Whereas in the last chapter Del glorified white civilization and the spirit of the frontier, here we begin to discover more and more about the true and ugly side to white settlement. As True Son suggests, the Paxton boys' massacre represents the hypocritical nature of the white settlers; on one hand they claim to be peaceful Christians who embrace Indian converts, and on the other they feel justified in killing innocent people who have come to them as friends. Instead of trying to understand the Indian culture or people, the whites often dismiss them as "savages" and "heathens"; they consider them subhuman or animalistic. The concept of brotherhood between the two races is an especially crucial aspect to the story. White captives adopted by Indians become loved and fully assimilated members of Indian families, as we see in the case of True Son. The Conestoga Indians, however, are never fully accepted into the white community they embrace. Even though they have done nothing wrong and consider themselves Christians, they are brutally massacred by the Paxton bullies. This racist white attitude is also more subtly exemplified by the circumstances of Bejance's life. Bejance used to be free as the wind when he was a boy living with the Indians, but now, after being "liberated by the whites," he is their literal slave. Whereas whites discriminate against both Indians and blacks, Indians will accept members of any race as brothers.

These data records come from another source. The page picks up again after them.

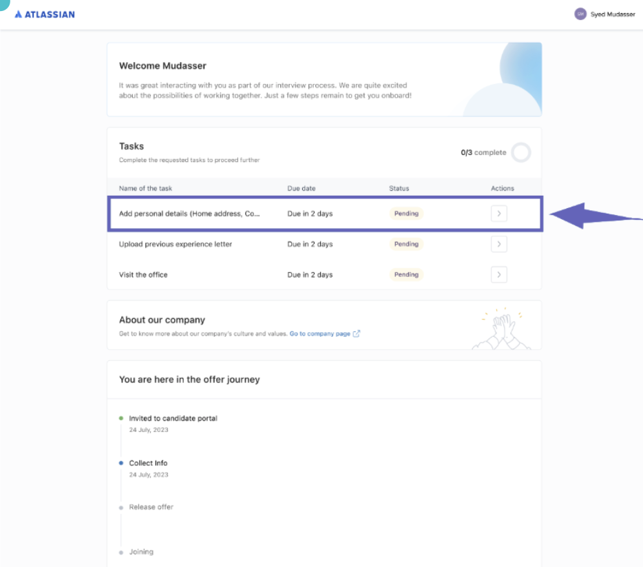 For candidates, the task appears in their Candidate Portal.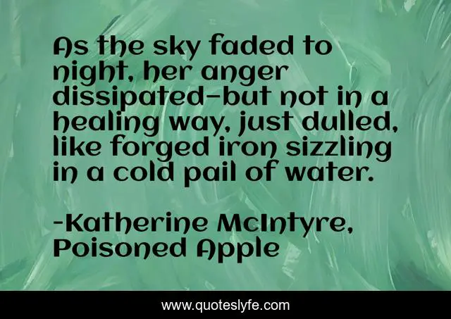 This page presents the quote "As the sky faded to night, her anger dissipated—but not in a healing way, just dulled, like forged iron sizzling in a cold pail of water.". Author of this quote is Katherine McIntyre, Poisoned Apple. This quote is about loss, cold-anger, grief, sunset, anger, dulled-anger, forged-iron,.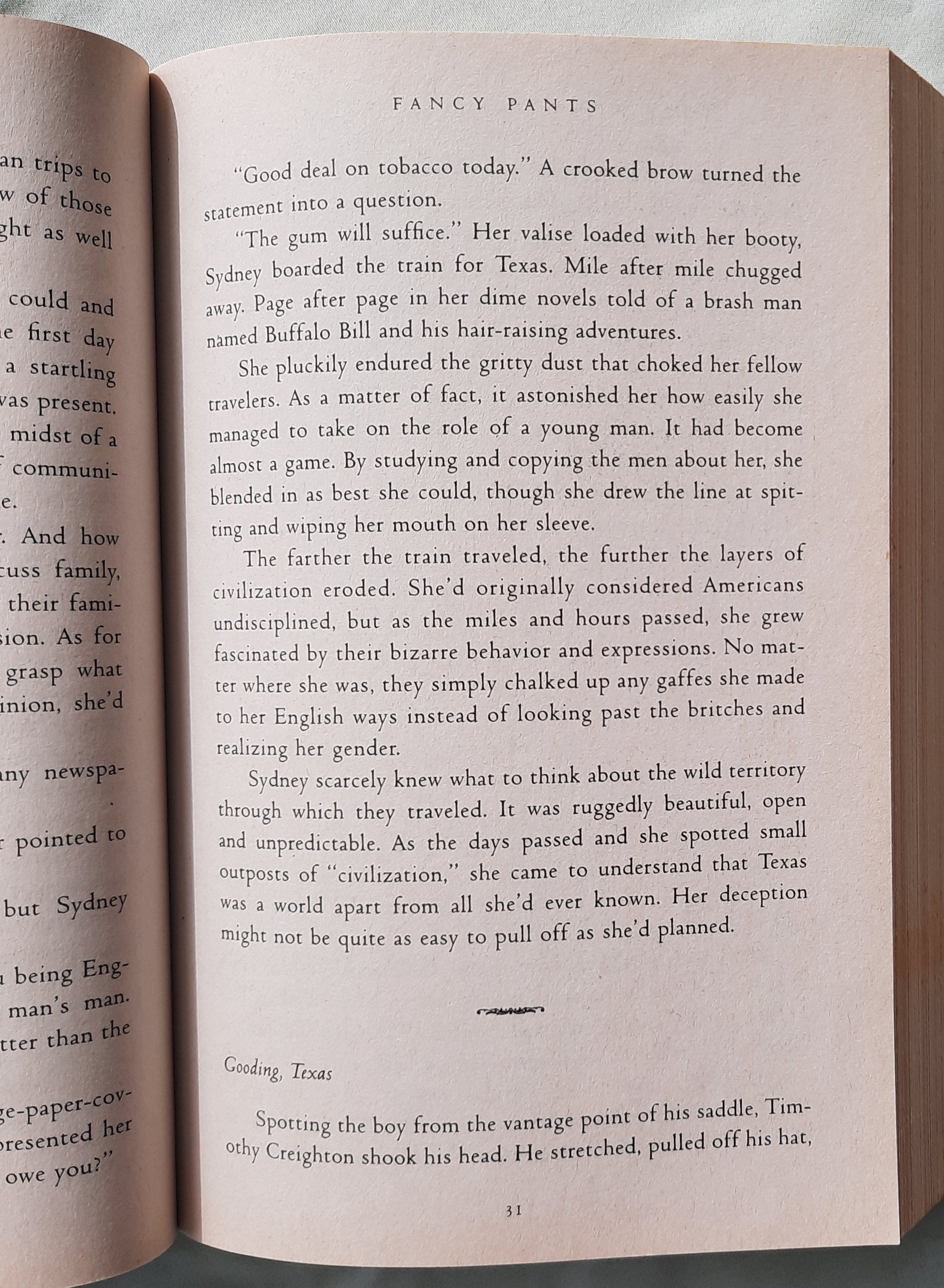 When 17-year-old Lady Sydney Hathwell arrives in 1890 New York City, she never imagines she'll soon be galloping about the Wild West, unchaperoned - and dressed as a man. Honoring her father's dying wish, Sydney journeys from England to consider marrying Manhattan businessman Rexall Hume. After finding him unsuitable, she reveals her verdict. But with Hume insisting on marrying her anyhow, she seeks refuge with her estranged uncle. Disguising herself as an Englishman, Sydney flees the city on a westbound train. But when it's clear her uncle has no use for a female on his Texas ranch, "nephew Fancy Pants" continues the ruse. As unexpected developments unfold, Sydney fears her deception may jeopardize friendship, family, and much more.

True Son's Uncle Wilse seems to embody the white ignorance and hypocrisy toward Indians; his viewpoints and involvement with the Paxton boys are far more extreme than those of the other settlers. Yet what is particularly intriguing about Uncle Wilse is that his resistant nature parallels that of True Son more than any other character in the book. As True Son's mother points out when she and her son first meet, True Son is stubborn like his Uncle Wilse. Although the two have completely opposite opinions on whites and Indians, their passion for what they believe in is, at least for most of the book, equally strong and, in many ways, equally dangerous and unpredictable. Uncle Wilse has proven that he feels justified in using violence to exterminate "Injuns," and many of True Son's actions and private thoughts (planning to kill Del with a knife, trying to commit suicide, making "plans" for escape) suggest that he may be willing to take drastic measures against the whites as well. Furthermore, we can imagine how confused True Son must feel to be related to Uncle Wilse, the same evil man who terrorized his fellow Indians. True Son firmly believes that he is a full- blooded Indian, but more and more he is being forced to realize that this is not how others view him.

Bejance's ominous speech, "I'm never free of white folks … " summarizes the way in which Indians and many blacks viewed white culture in the eighteenth century. Throughout the novel we see countless examples of how the Indian way of life is much more natural and free than that of the whites. Indians are not confined by fences or stone houses; they do no have to wear awkward clothing or shoes; and they do not have to destroy the forest in order to settle down. Bejance describes how white culture eventually imprisons you; even the whites themselves are suffocated by their way of life. Once you are under the control of white society, as the slave Bejance and the children clearly are, you become powerless to resist its restrictions. The quote also foreshadows True Son's experience living in Paxton Township. As the slave predicts, True Son loses his old freedoms little by little. First he is cut off from his Indian family, next he is forced to wear white clothing and go to school/church, and last he is separated from the last person who can speak Lenni Lenape. True Son's failed attempt to see Corn Blade seems to seal his fate; the whites have almost complete control over the boy's life.